I have discovered that in order to output the code with newlines I need to follow each line with a '\' but the same doesn't apply to input.

Thanks again and sorry if I am confusing anyone.

DutchDaemon · May 18, 2009

I'm not sure if the entire command set of ed(1) is in sed, but ed can do that: 'find that expression, go back one line, set a marker, go forward two lines, set another marker, replace anything between markers with something else'. It's been too long for me, though

trev · May 19, 2009

dburkland said:
My goal is to somewhat search for the entire chunk of code and replace all of it with the following code:

Ah, so. No. sed is not cut out for matching a pattern which extends over more than 2 lines.

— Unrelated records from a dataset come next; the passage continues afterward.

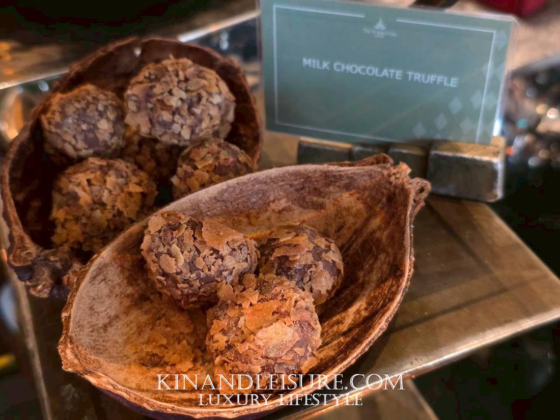 5. เคล็ดลับความอร่อยแบบ ‘The Sukhothai’: สิ่งที่ทำให้ทรัฟเฟิลที่นี่โดดเด่น คือ “Texture Contrast” ครับ ผิวนอกจะมีความกรอบบางๆ (Thin Shell) ที่เกิดจากการ Tempering ช็อกโกแลตอย่างแม่นยำ เมื่อฟันเรากดผ่านเปลือกบางๆ นั้นเข้าไป จะเจอกับเนื้อกานาชที่มีความเหลวและเนียนนุ่มอยู่ข้างใน เป็นมิติการทานที่สนุกและน่าประทับใจทุกคำ
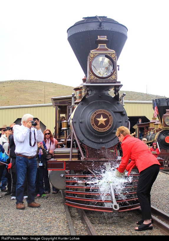 After a restoration lasting 34 years, and 140 years and 1 day to the day she arrived in Carson City, former Nevada first lady Bonnie Bryan christens the Glenbrook at the Nevada State Railroad Museum
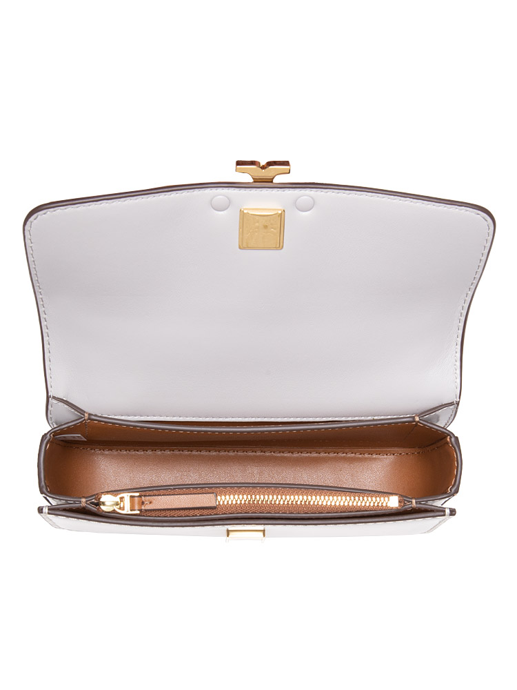 Made of calf leather with leather lining. The bag features an open magnetic flap closure, gold tone hardware, two slip pockets, adjustable and removable crossbody wear.
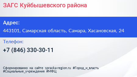 ЗАГС Куйбышевского района по адресу 443101, Самарская область, Самара, Хасановская, 24 в дальнейшем Организация, размещена в следующих категориях:
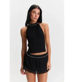 Introducing our Perla Top, a delightful creation crafted from intricately pleated sheer woven fabric. This apron-style top exudes elegance with its open back design, adorned by two under-bust panels gracefully linked by pearl chains. These exquisite pearls cascade across the back and drape around the neck, lending a charming necklace-like appearance. Whether you choose to combine it with our Perla mini skirt for a complete ensemble or dress it down for a chic daytime look with our Aria jeans, the Perla Top is your ticket to effortless style. Garment is double lined.
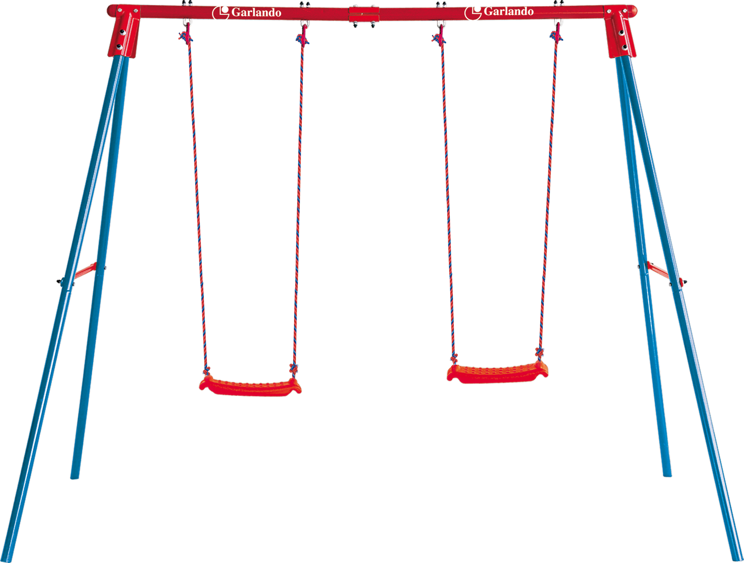 Гойдалка на металевих опорах Garlando Candy подвійна (ALT-12) гарантує безпечне та веселе проведення часу для двох дітей віком від 3 до 10 років одночасно. Конструкція виготовлена з оцинкованих труб й використовуються нержавіючі болти з поліефірним порошковим покриттям, а відсутність зварних швів гарантує максимальну безпеку. Пластикове сидіння розміром 42x15 см кріпиться на регульованій по висоті мотузці. Для стабільної фіксації до землі передбачені кілочки. Максимальне навантаження до 50 кг.

In that case, I'd usually write a simple regex(3) filter in C. You could, of course, use perl(1). Something like:

Code:

perl -pi.bak -e 'undef $/; s/<li>\nabc\n<\/li>/<strong>\nxyz\n<\/strong>/' *.html

should do the trick.

dburkland · May 19, 2009

trev said:
Ah, so. No. sed is not cut out for matching a pattern which extends over more than 2 lines.

In that case, I'd usually write a simple regex(3) filter in C. You could, of course, use perl(1). Something like:

Code:

perl -pi.bak -e 'undef $/; s/<li>\nabc\n<\/li>/\nxyz\n<\/strong>/' *.html

should do the trick.

I created a test html file called index.html with the following

Code:

<li>
abc
</li>

and executed the command provided and the file was not changed in any way by it. I am very unfamiliar with Perl so I may just be missing a tweak in the command. Thanks again for your help!

kamikaze · May 19, 2009

With sed you cannot have newlines in the expression. You can only add them in the replacement string.

There is a workaround if you are certain of a certain character not being used:

Code:

#     Replace newlines with ~      Replace 3 lines         Replace ~ with newlines
... | rs -TeC~                   | sed 's/a~b~c/d~e~f/g' | rs -c~

Replace ~ with whatever characters suits you.

trev · May 20, 2009

dburkland said:
I created a test html file called index.html with the following

Code:

<li> abc </li>

and executed the command provided and the file was not changed in any way by it. I am very unfamiliar with Perl so I may just be missing a tweak in the command. Thanks again for your help!

My script does not permit the first line of the file to be part of the target pattern. Best experiment on one of your real files, than a test file which simply contains the target pattern.

trev · May 20, 2009

kamikaze said:
With sed you cannot have newlines in the expression. You can only add them in the replacement string.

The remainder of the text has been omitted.